— INFORMATION SUPPLIED —
++++++++

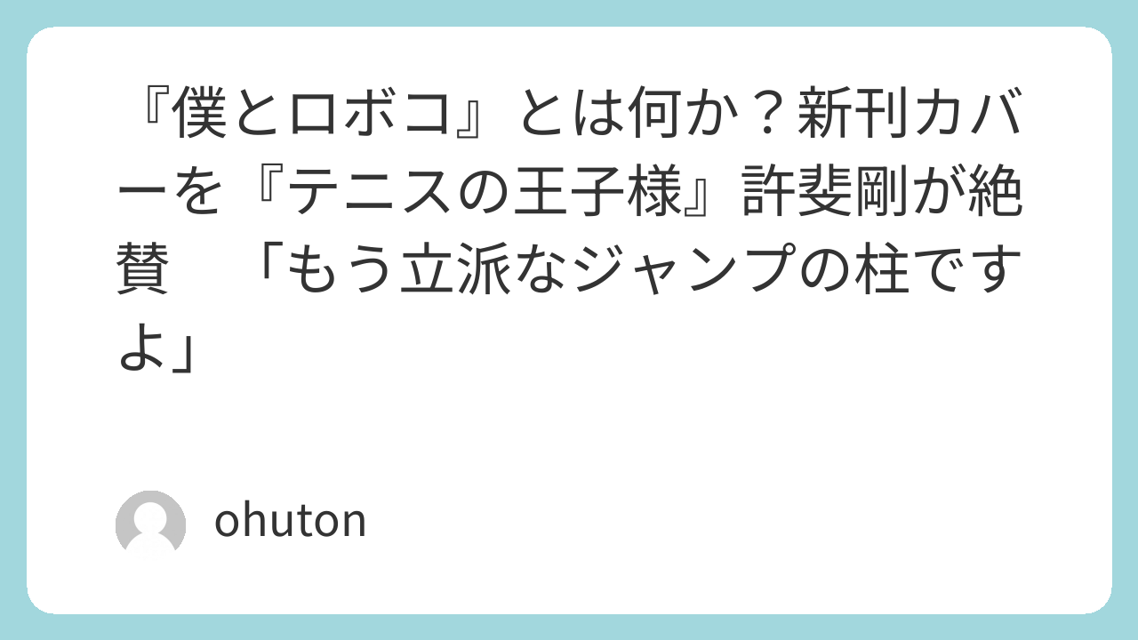 『僕とロボコ』とは何か?新刊カバーを『テニスの王子様』許斐剛が絶賛 「もう立派なジャンプの柱ですよ」 | o-yakeGAMES
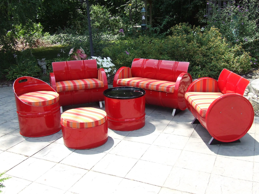 В огороде или на газоне устанавливают умывальники. Иногда материалом выступает металлическая бочка, причем вариант выглядит лучше с темным окрасом и матовой текстурой. По такому же принципу изготавливают столы с компактными столешницами и стулья с такими же, небольшими сиденьями. «Вишней на торте» станут разноцветные металлические бочки с вырезанными отверстиями для сидушек и спинками из полученных фрагментов. Причем изделия прекрасно впишутся и в замкнутую обстановку. Деревянные бочки используют намного чаще. Из них вырезают детали для крупной и мелкой мебели. Винные бочки становятся частью стульев, диванов, столов. Вазоны для больших растений, переносной холодильник или резервуар для льда — также отличные варианты для теплого времени года. Даже такое непримечательное приспособление, как мусорный бак, тоже иногда делают из деревянной бочки.
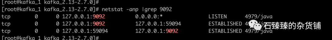 当然,如果你这台机器刚好还是Controller的话,除了了LISTEN, 还能看到ESTABLISHED状态的连接,因为Controller也会给这台Broker建立连接发起请求的,比如通知Broker更新元信息之类的。

++++++++

— DIRECTIONS —
Make an exact copy of the listing above, omitting the pictures.

— EXERCISE SOLUTION —
 『僕とロボコ』とは何か?新刊カバーを『テニスの王子様』許斐剛が絶賛 「もう立派なジャンプの柱ですよ」 | o-yakeGAMES
 В огороде или на газоне устанавливают умывальники. Иногда материалом выступает металлическая бочка, причем вариант выглядит лучше с темным окрасом и матовой текстурой. По такому же принципу изготавливают столы с компактными столешницами и стулья с такими же, небольшими сиденьями. «Вишней на торте» станут разноцветные металлические бочки с вырезанными отверстиями для сидушек и спинками из полученных фрагментов. Причем изделия прекрасно впишутся и в замкнутую обстановку. Деревянные бочки используют намного чаще. Из них вырезают детали для крупной и мелкой мебели. Винные бочки становятся частью стульев, диванов, столов. Вазоны для больших растений, переносной холодильник или резервуар для льда — также отличные варианты для теплого времени года. Даже такое непримечательное приспособление, как мусорный бак, тоже иногда делают из деревянной бочки.
 当然,如果你这台机器刚好还是Controller的话,除了了LISTEN, 还能看到ESTABLISHED状态的连接,因为Controller也会给这台Broker建立连接发起请求的,比如通知Broker更新元信息之类的。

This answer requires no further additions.